Thats the pic I've been hangering to see! fisheye lens again, nice. Mabee a ss washer around the stem, and a big one around the outside would fill in the gaps and provide strength?

Any chance of a benny hill remix of the timelapse video? That would be so funny :lol: Might need someone chasing you around in circles though. 

Look into my mash tun, you are under my command.....

Does that need a few kg counterweight? Looks great. Youll be able to start you own pub and supply others with that. 4 batches a day, 4 days a week, 2 week cycle. 36 fermenters? 300 kegs?


----------



## Jono_w

Bandito said:


> Thats the pic I've been hangering to see! fisheye lens again, nice. Mabee a ss washer around the stem, and a big one around the outside would fill in the gaps and provide strength?
> 
> Any chance of a benny hill remix of the timelapse video? That would be so funny :lol: Might need someone chasing you around in circles though.
> 
> Look into my mash tun, you are under my command.....
> 
> Does that need a few kg counterweight? Looks great. Youll be able to start you own pub and supply others with that. 4 batches a day, 4 days a week, 2 week cycle. 36 fermenters? 300 kegs?



I think i might just try again, I was a bit excited.. It has a frame underneath for stability.
Maybe on brew day there will sure be some stupid antics so the benny hill soundtrack will be saved for that..

No counterweight, there is a linear actuator that holds it in place and tips it out (not connected in video). 

Well I hope to have it in a bar or small brewery, maybe with a BIG brewhouse out the back eventually.Too small to make a living off, but will be great for special brews, would love to put it on a trailer and take it to events, shows, brew for beer clubs, that sort of thing, then I can just sell the wort. All legit..ish... 
I brew 4 U? oh wait that's already been done.. :lol: 
Got to have goals.


----------



## bigfridge

Jonathon said:


> Today I fabricated the false bottom, not super happy with it as it was a bastard to weld and there is a bit of a gap, but will do for now.

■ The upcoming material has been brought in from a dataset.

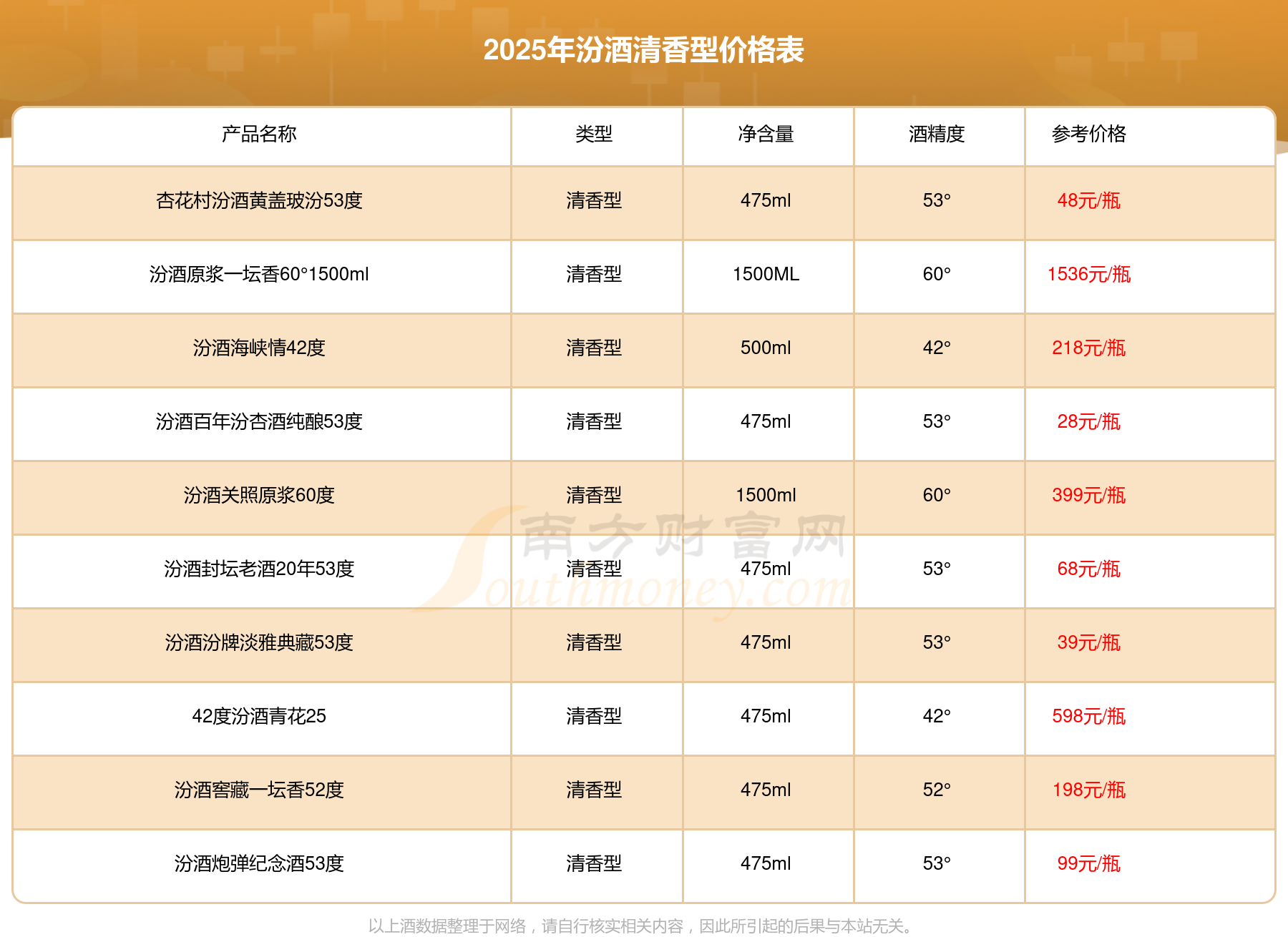 2025年,汾酒原漿一壇香60°3000ml、汾酒原漿一壇香60°1500ml、42度汾酒青花25等汾酒清香型酒價格如下:

Quick question - why do you need rakes in a small mashtun like that ?

What do they do ?


----------



## Jono_w

bigfridge said:


> Quick question - why do you need rakes in a small mashtun like that ?
> 
> What do they do ?



They're going to mix during mash-in, get rid of chunks, then when I tip they will break up the spent grain.


----------



## jagerbrau

Not to mention help keep even temp with in the mash bed. I like the fact it reverses just like the bigger brewery that i have played with. How are you controlling the speed of the rakes? Is it with the software you have?

Keep the build up great work....


----------



## Jono_w

jagerbrau said:


> Not to mention help keep even temp with in the mash bed. I like the fact it reverses just like the bigger brewery that i have played with. How are you controlling the speed of the rakes? Is it with the software you have?
> 
> Keep the build up great work....



Yeah that's another good point, 
The speed and direction is controlled by a (VSD) Variable Speed Drive which is linked to the (PLC) Programmable Logic Controller. So the logic I write into the PLC will control speed duration and direction..
Cheers.


----------



## Jono_w

What are your thoughts on these Blichmann 42 gallon fermenters. At $1400 us with tri-clover fittings they are quite expensive but I'm running out of options..
LINK


----------



## Bandito

At above $1K you will be paying gst and customs duty - I got a call from UPS demanding AU$211 for my AU$1450 purchase from the US. Not to mention the freight - charged US$562 for air freight from US for 156KG, plus pickup from airport. One could double the US price for transport to get a reasonable idea for fast deliver of high mass and volume packages. Sea freight came up as US$360 or so from freightquote.com

It doesnt say that it is pressure capable like you mentioned before that you want. I hear it is the bees nees in terms of brands, but wouldnt you want a jacketed design for glycol cooling?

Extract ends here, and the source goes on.